The province will need $21 billion more to meet its promises to build more hospitals, long-term care facilities, and home care
The fiscal watchdog for Ontario says that in six years, the province will be short 33,000 nurses and personal support workers.
The Financial Accountability Office (FAO), an independent group that looks at Ontario’s finances, says in a special report on health care that the government will need an extra $21 billion to meet its promises to expand hospitals, long-term care, and home care.
The Doug Ford government has promised to make “significant” investments in these areas, but the FAO says that even if it did so, the demand for health services, especially as the population ages, would “more than offset” it.
In addition to a lack of nurses and personal support workers, the FAO says the province will be short 500 beds and will have fewer hospital beds, the same number of home-care beds, and fewer long-term care beds than it did in 2019-20.
Premier Ford said that the FAO report is just a “snapshot” in time, which is frustrating for his government because it doesn’t include health transfers or any new money going into the sector.
At a press conference on Wednesday, Ford said, “We’re throwing everything but the kitchen sink at health care.”

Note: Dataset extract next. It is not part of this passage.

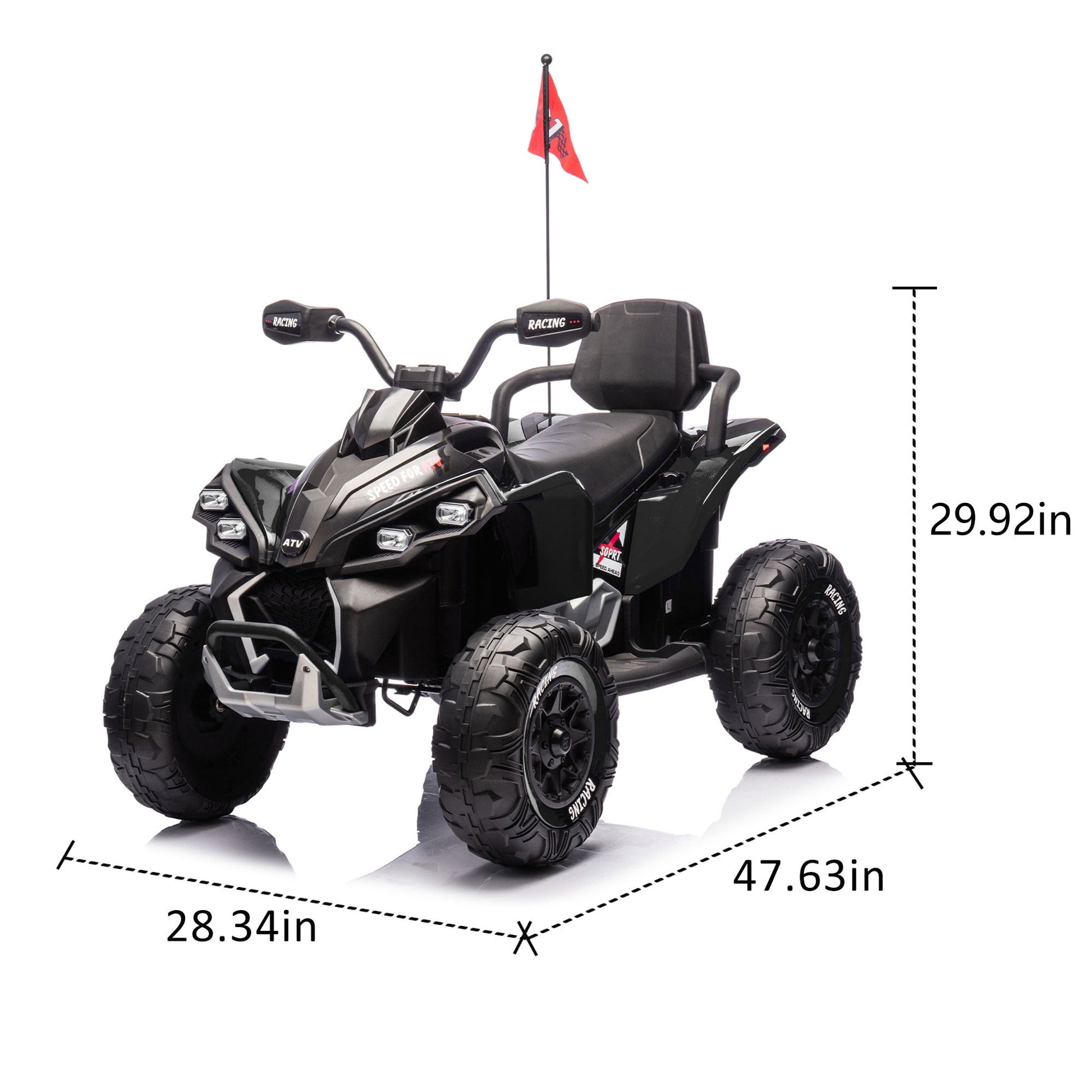 Track Seven 24V Kids Ride-On ATV, Four Wheeler Quad Electric Car with Remote, 2 Speeds, Bluetooth, LED Light, English Storytelling, Shock Absorber, Kids Electric ATV for Boys Girls Aged 3+, Black
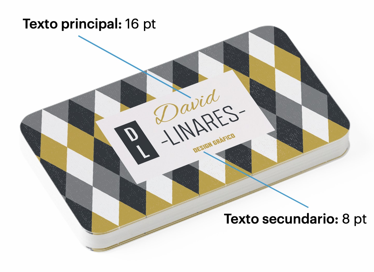 En tipografía, el punto tipográfico (pt) es la unidad estándar para medir el tamaño de las letras de un diseño. Los campos de texto más destacados de la tarjeta de visita, como el nombre de tu empresa o tu nombre y apellidos, deben tener un tamaño entre 10 pt y 16 pt, en función del espacio disponible.

In recent years, the province’s health care system has broken down because of a lack of staff. This has led to temporary closures of emergency rooms, a huge backlog of surgeries, and patients who are sick of waiting.
The financial watchdog says that the province could make up the shortfall by spending a little more in each of the next few budgets and getting a boost from Ontario’s growing emergency fund.
A spokeswoman for Health Minister Sylvia Jones says the province is putting a lot of money into health care, has cut wait times for key surgeries, and “broke records” by registering more nurses in 2022.
Hannah Jensen says that the money from the upcoming deal with the federal government on health care will be used to hire more nurses and get more people set up with family doctors.
But the official opposition party in Ontario, the Ontario NDP, says the FAO report shows that Ford has “fundamentally failed Ontarians.”
France Gélinas, the NDP’s health critic, said, “Ford has refused year after year to pay for the health care services that all Ontarians deserve and to support the health care workers who care for us when we are sick.”
“If Ford doesn’t make a change right now, hospitals and long-term care facilities in Ontario will be smaller in 2028 than they were a decade ago.”